こんにちわ(*’▽’)
今回は、神奈川県西部にある「真鶴(まなづる)」に関する色街の歴史を発掘した記事になります!
私が神奈川県に住んでいるということもあって、知の冒険では神奈川県ネタ多く遊廓や花街の記事も神奈川県内のものがかなりの割合を占めているわけですが、今回は真鶴という自然豊かで閑静な街に焦点にあてたわけです!
ただ、真鶴の色街史に関しては図書館を調べてもほぼ出てこないこともあり、そもそも歓楽街があったことすら認識していなかったんですが、真鶴に暮らす地元の方々とのいろんな出会いがあり何とか発掘することができました(*’▽’)
ということで、真鶴にはいったいどんな色街の歴史があったのか?
以下にまとめていきますね~!
見出し
風光明媚な景勝地「真鶴」

神奈川県西部に位置し、海に向かって伸びた半島が特徴的な真鶴。その由来には諸説があり、平安末期には既に「マナヅル」という名は存在していたとのこと。
江戸時代に記された風土記稿では、「遠望すると大磯崎、西方の川奈崎があたかも鶴の翼のようであり、中央の出崎である真鶴崎が鶴の首に似ていることから真鶴の地名が起こった」と記されてはいますが、これが本来の説かは不明なんだとか。。

現在は半島の森林が保護されていることもあり多くの自然が残る真鶴。その他にも、建築基準法によって四階以上の建物を建てることができないみたいな縛りもあってか、景観も非常に良い状態!
地形的には切り立った場所が多く、平地が少なくて坂だらけということで、坂が多すぎて自転車に乗る人がほぼいないという長崎市をも彷彿とさせるような街。現代の交通の難所にもなっており、車で熱海や伊豆方面に行く時なんかは土日になると毎回のように真鶴の海岸沿いの道路が渋滞するというのは、この地形からすると致し方ないっすよね〜!

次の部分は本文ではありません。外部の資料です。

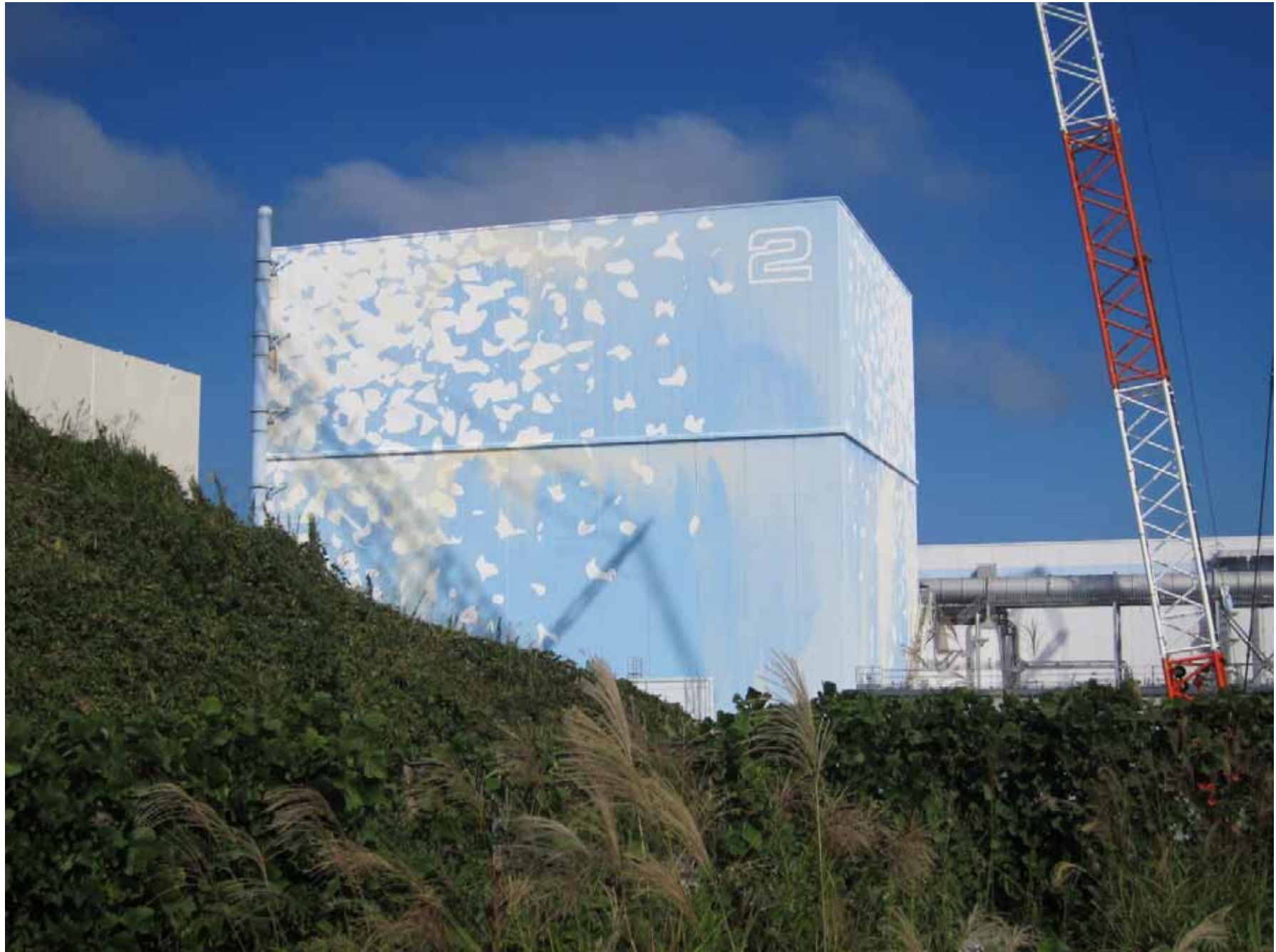
Overview of reactor building of Unit 2 -From western hilltop between Unit 2 and 3- September 29, 2011
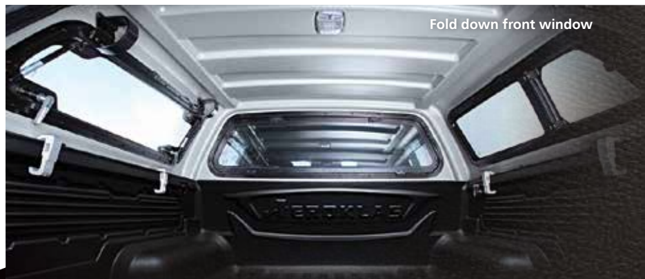
Fold down front window

This provides a water tight, extremely strong mounting architecture for enduring performance.
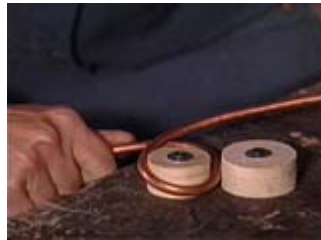
Making the door pulls using a round jig

Make cool handles out of flexible copper by bending the tubing around a cylindrical object (even a jar works fine). Then, using a ballpeen hammer, or even just a regular hammer, pound the tube-ends flat on a hard surface (the flat top of a vise works well if you don't happen to have an anvil).
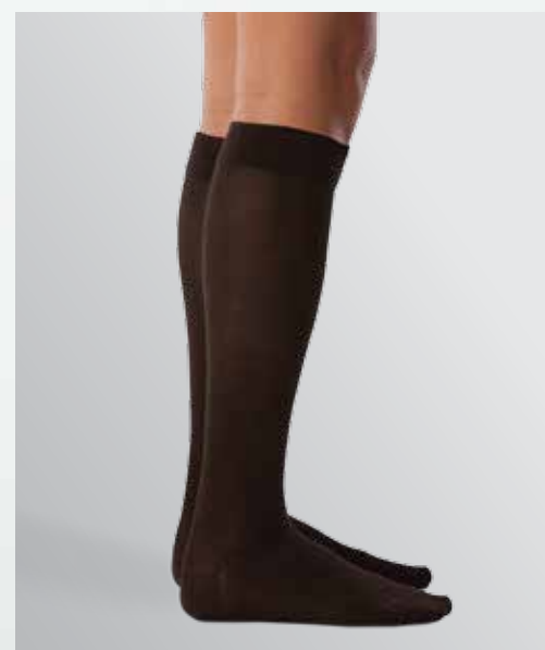
20-30mmHg Closed Toe Calf Small Long in Brown 222CSLW11
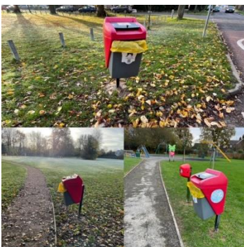
Relocated dog bins and bag dispenser

Residents have been encouraged to join HDC's 'Adopt-a-Street' campaign, and we are grateful to all those that have; because of more people around in their high-vis jackets picking up careless dropped litter items, the village is looking tidier. Dog bins have been moved nearer to paths to facilitate their use, even in wet weather, and two more dog-bag dispensers will appear shortly by bins at the Ducky.
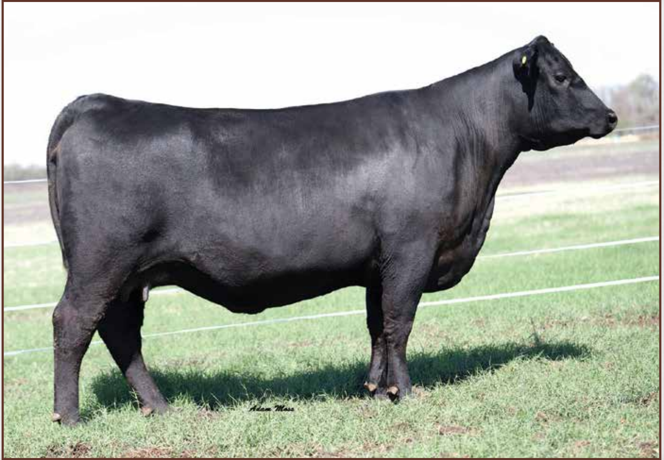
Vintage Lucy 3167 / Lot 22

Lucy 3167 is a powerful growth, $M, $W, $B and $C direct daughter of the $33,000 Maplebrook Farms donor, Lucy 8861 sired by the outcross female sire, Exponential.
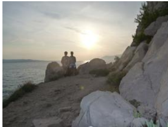
Sitting in the sunset
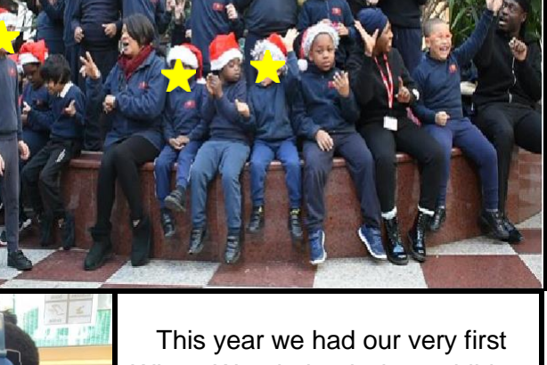
This year we had our very first Winter Wonderland where children and their families were able to create some Christmas crafts together in a relaxed and supportive environment. We have had some lovely feedback from you all about the day so will definitely be one that we add to our calendar.
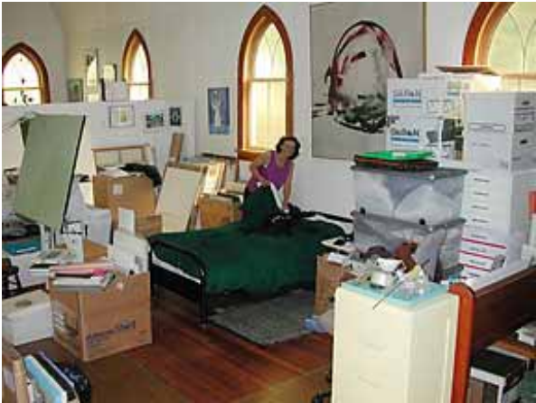
temporary bedroom in the gallery
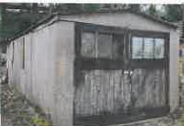
Shed 2 Pre cast conc
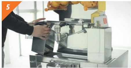
5 Take out the inox peel bucket.

真鶴に関して思ったことを簡単に書きましたが、現在は閑静な街となっている真鶴にも、昔は春を売るお店もあったそうでして。そんで、ちょっと別用で真鶴を訪れてたときに、たまたまその春を売るお店、つまり売春宿に関して調べている方がいるという紹介を受けて取材したことで今回の記事を書くことが出来たって感じなんですな!
みかん農家の古老に風俗史を聞いた!

その真鶴の地元の方というのが、この辺ではとても大きな松本農園というミカン農家を営むご主人さん。
小田原から真鶴あたりの海岸沿いは昔からミカン農家が多く、ここは今でも時期になるとミカン狩りができることでも知られる場所なんですな。

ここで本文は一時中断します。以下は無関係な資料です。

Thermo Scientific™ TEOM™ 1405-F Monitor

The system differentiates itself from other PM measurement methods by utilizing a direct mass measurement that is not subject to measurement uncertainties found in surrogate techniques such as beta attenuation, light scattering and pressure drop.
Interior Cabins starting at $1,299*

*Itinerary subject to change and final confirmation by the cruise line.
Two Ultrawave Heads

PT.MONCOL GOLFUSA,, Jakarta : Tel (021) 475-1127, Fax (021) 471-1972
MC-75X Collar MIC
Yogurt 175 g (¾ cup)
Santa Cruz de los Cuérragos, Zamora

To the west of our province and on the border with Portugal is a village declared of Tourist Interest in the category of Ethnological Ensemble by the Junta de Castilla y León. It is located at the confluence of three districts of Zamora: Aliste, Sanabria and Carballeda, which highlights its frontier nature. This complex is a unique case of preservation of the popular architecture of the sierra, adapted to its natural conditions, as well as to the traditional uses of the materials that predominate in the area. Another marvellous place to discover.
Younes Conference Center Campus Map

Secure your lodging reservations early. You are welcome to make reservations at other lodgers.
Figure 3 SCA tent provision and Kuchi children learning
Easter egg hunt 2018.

ご主人さんは非常に気さくな方で、訪問すると資料なども出してくれて、真鶴にかつてあった売春宿の歴史について大変いろんなことを語ってくれました(°▽°)
ということで、朝から昼過ぎまでいろんなことを聞いてきたので、その辺のことをまとめていきますね〜!
風待ち港だった真鶴
まずは、真鶴に売春宿が誕生したのにはどのような背景があったのか?
ご主人:「真鶴はね、港があるでしょ。ここは風待ち港だったの。それで停泊していた船の人が遊んでいたわけね。」
“風待ち港”とは、簡単に言えば出発地から目的地までの途中に停泊というかいったん休憩するための港です。
鉄道が主要な移動手段になる前は船運だったこともあり、その風待ち港だったことが関係していたようです。現代の船だと技術が上がっていることもあり出発地から目的地まで直行で移動することは容易ですが、明治や大正の時代ではそうはいかず、悪天候などを見て途中休憩する港があったわけです。

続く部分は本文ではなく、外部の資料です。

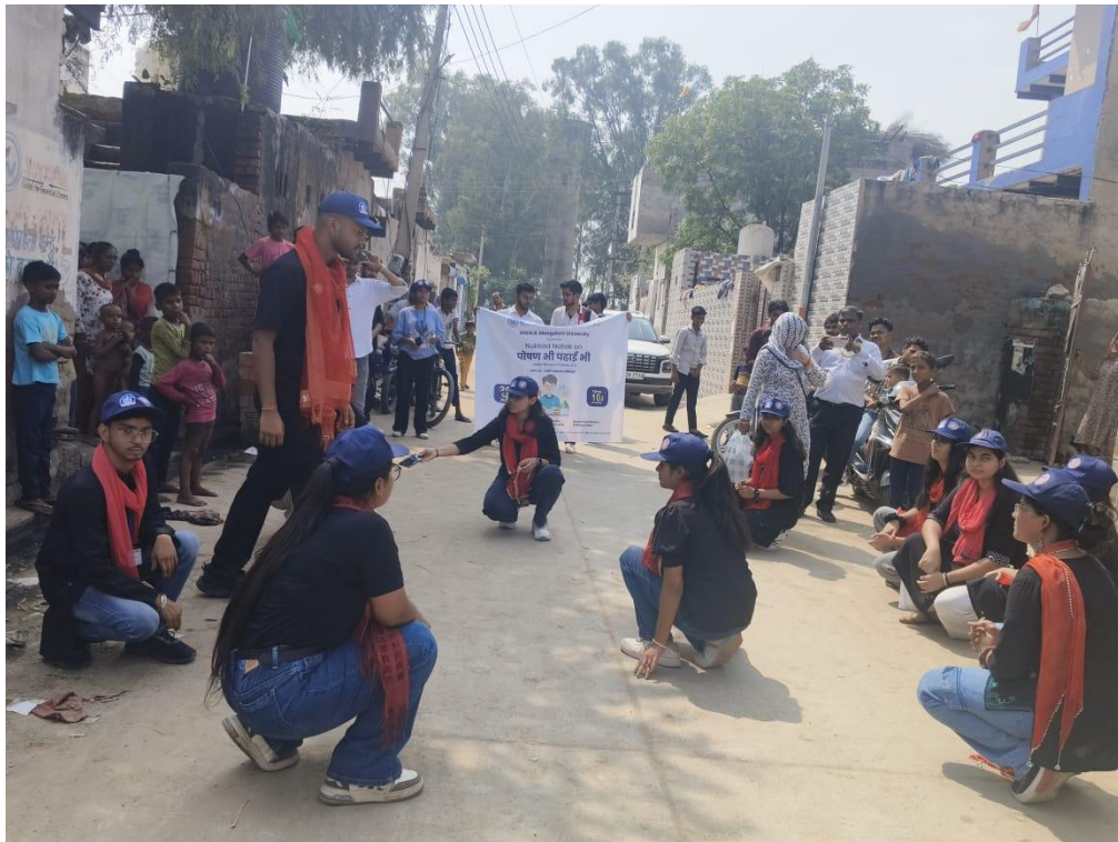
NSS volunteers during their performance

同じ神奈川県でいえば、三浦半島の先っぽにあった北条遊廓なんかはまさにそうで、風待ち港だったことで人が集まり遊郭が誕生した場所。あと、知の冒険の過去記事にもある和歌山県の先っぽにあった大島遊郭なんかもそうですね!

その頃、真鶴は風待ち港だっただけではなく、新小松石という江戸城の構築にも使われた高級な石も採集されて財を成した人もいたわけです。
そういった石材商の方も多かったことから、夜は岡場所というか女も集まれば手引きする男も集まったんですね。
ここに売春宿が誕生したきっかけとしてはそんな感じとのこと。
「じゃりそばや」と言われてた?
今回、松本農園の御主人さんを取材して一番気になったのがこの話。
ご主人さんのお母さんは真鶴生まれで、昔の話をよくしてくれたんだそうです。その中で、真鶴の色街史のことも教えてくれたんだそうです。
ご主人:「私の母親はそういった色街のこともよ~く教えてくれたのね。それで、そういう女の人達のことを『じゃりそば』って言ってたの。」
私:「じゃりそば?」
ご主人:「そう、じゃりそば。そんで遊郭みたいな何とか楼みたいな建物があるでしょ。そういった建物を『じゃりそばや』って言ってたの。」
私:「へぇ~初めて聞きました!」
そんなはじめての言葉が登場したわけですが、ご主人さんがお母さんにその由来を聞いたものの、お母さんは「ん~知らんね~~」とのことだったそうです。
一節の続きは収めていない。